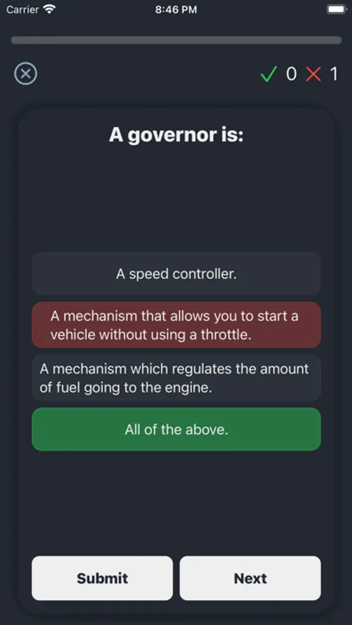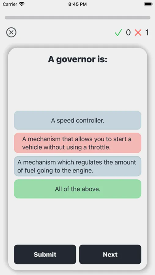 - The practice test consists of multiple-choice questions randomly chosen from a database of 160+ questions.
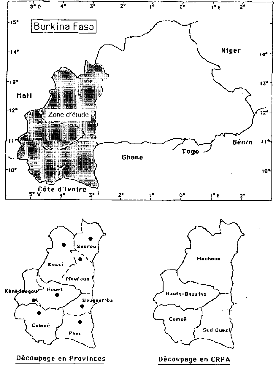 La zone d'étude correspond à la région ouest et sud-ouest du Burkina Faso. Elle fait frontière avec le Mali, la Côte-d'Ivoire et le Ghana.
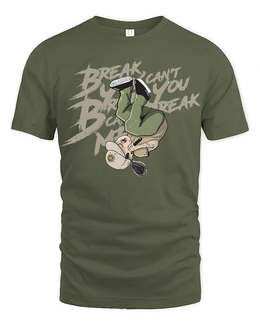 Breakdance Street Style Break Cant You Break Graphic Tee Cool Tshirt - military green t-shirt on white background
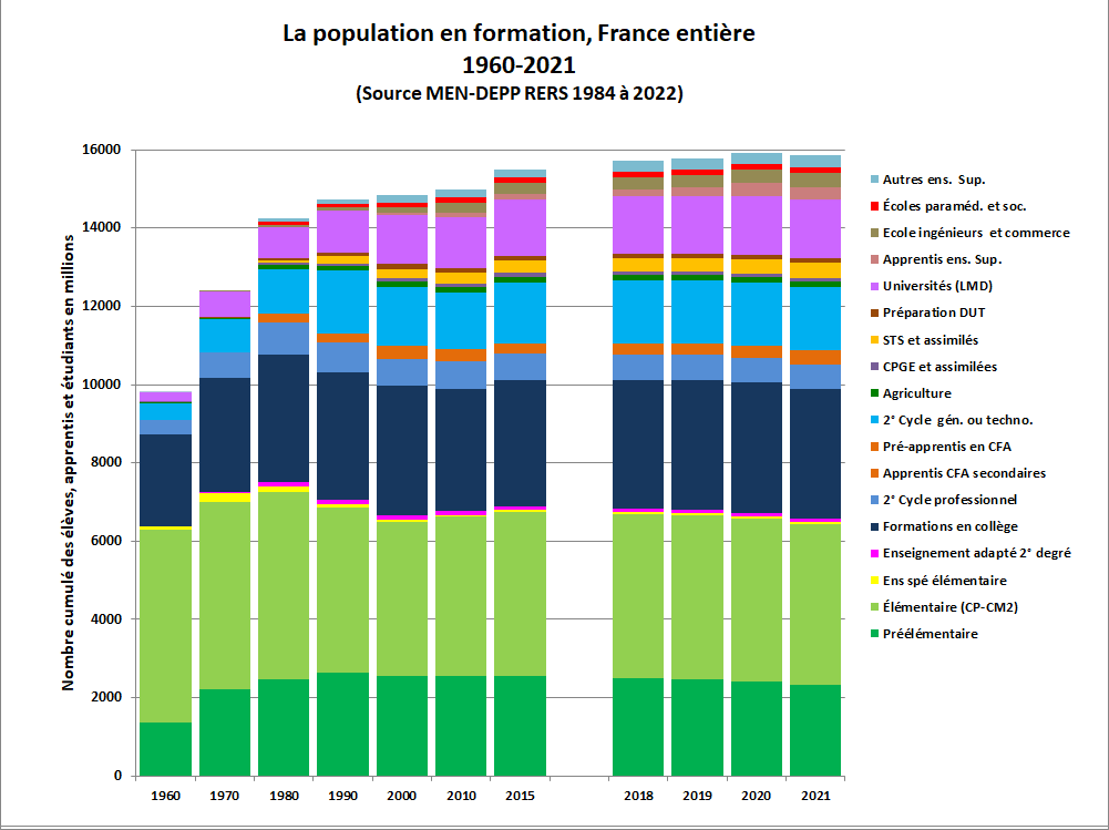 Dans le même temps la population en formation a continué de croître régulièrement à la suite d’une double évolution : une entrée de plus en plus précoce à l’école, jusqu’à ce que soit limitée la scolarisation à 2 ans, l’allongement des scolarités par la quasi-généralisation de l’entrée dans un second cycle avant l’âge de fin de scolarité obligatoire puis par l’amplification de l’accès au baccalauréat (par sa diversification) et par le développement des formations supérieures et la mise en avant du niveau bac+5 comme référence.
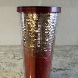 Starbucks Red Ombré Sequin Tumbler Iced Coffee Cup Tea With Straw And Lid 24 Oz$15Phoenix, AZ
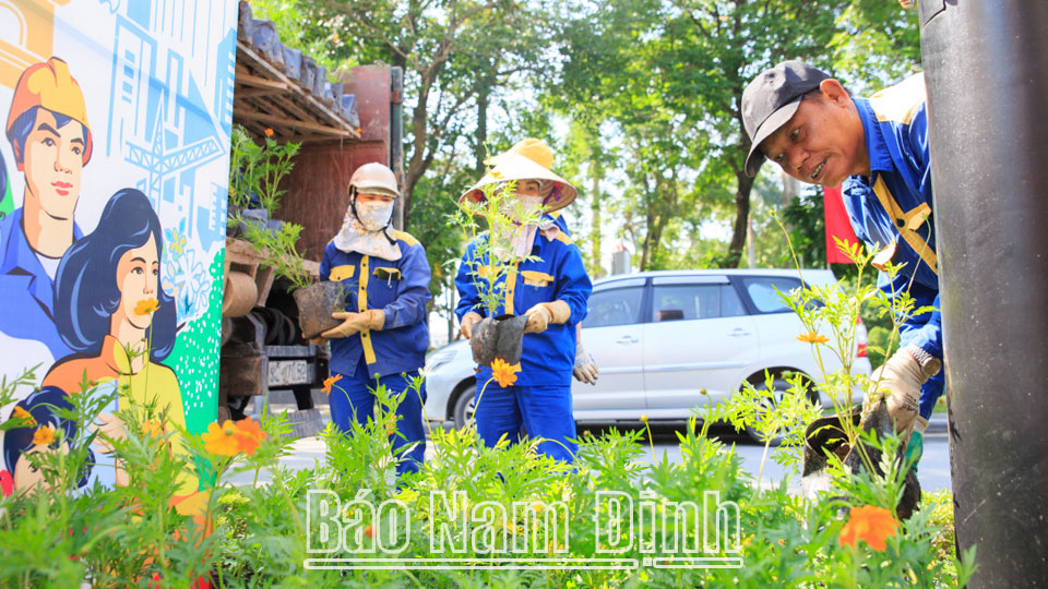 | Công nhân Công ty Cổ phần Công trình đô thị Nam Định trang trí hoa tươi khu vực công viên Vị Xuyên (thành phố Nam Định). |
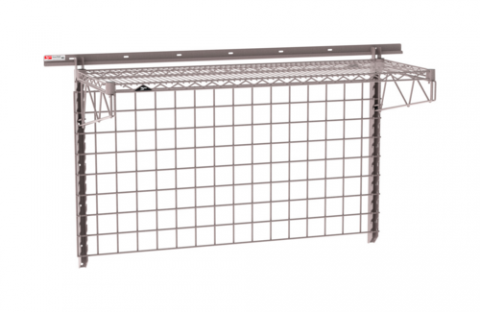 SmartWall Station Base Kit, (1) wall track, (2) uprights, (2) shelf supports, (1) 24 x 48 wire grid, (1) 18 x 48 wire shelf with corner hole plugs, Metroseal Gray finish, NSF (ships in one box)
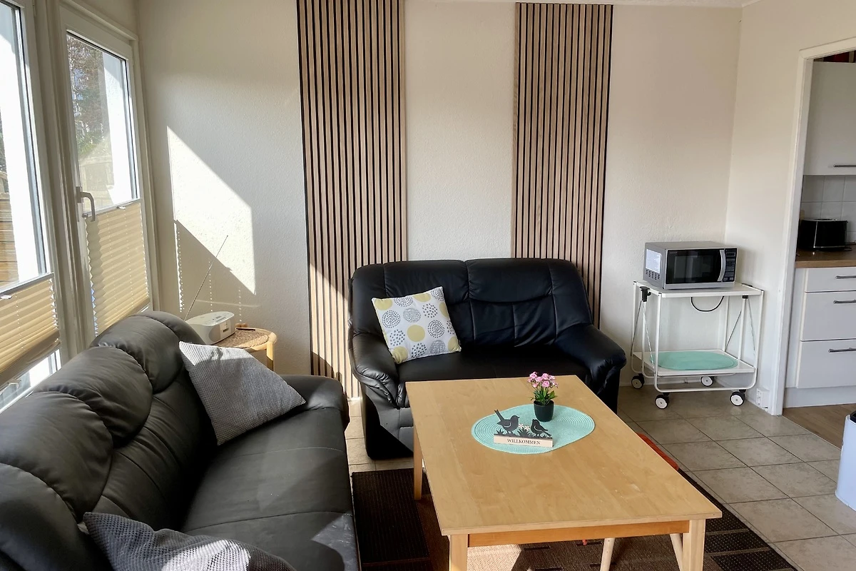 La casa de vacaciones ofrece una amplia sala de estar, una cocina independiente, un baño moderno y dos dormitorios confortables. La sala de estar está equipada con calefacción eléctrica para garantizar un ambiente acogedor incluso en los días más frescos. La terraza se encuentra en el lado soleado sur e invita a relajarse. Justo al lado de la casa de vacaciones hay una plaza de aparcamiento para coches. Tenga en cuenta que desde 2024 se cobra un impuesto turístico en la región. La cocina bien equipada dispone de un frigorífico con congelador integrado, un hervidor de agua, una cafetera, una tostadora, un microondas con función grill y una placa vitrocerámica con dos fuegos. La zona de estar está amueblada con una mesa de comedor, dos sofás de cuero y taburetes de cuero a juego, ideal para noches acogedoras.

● ● ● ●

Set down word for word the lines above from the one with "Starbucks Red Ombré" up to and including the one with "SmartWall Station Base". Omit every picture.

 Starbucks Red Ombré Sequin Tumbler Iced Coffee Cup Tea With Straw And Lid 24 Oz$15Phoenix, AZ
 | Công nhân Công ty Cổ phần Công trình đô thị Nam Định trang trí hoa tươi khu vực công viên Vị Xuyên (thành phố Nam Định). |
 SmartWall Station Base Kit, (1) wall track, (2) uprights, (2) shelf supports, (1) 24 x 48 wire grid, (1) 18 x 48 wire shelf with corner hole plugs, Metroseal Gray finish, NSF (ships in one box)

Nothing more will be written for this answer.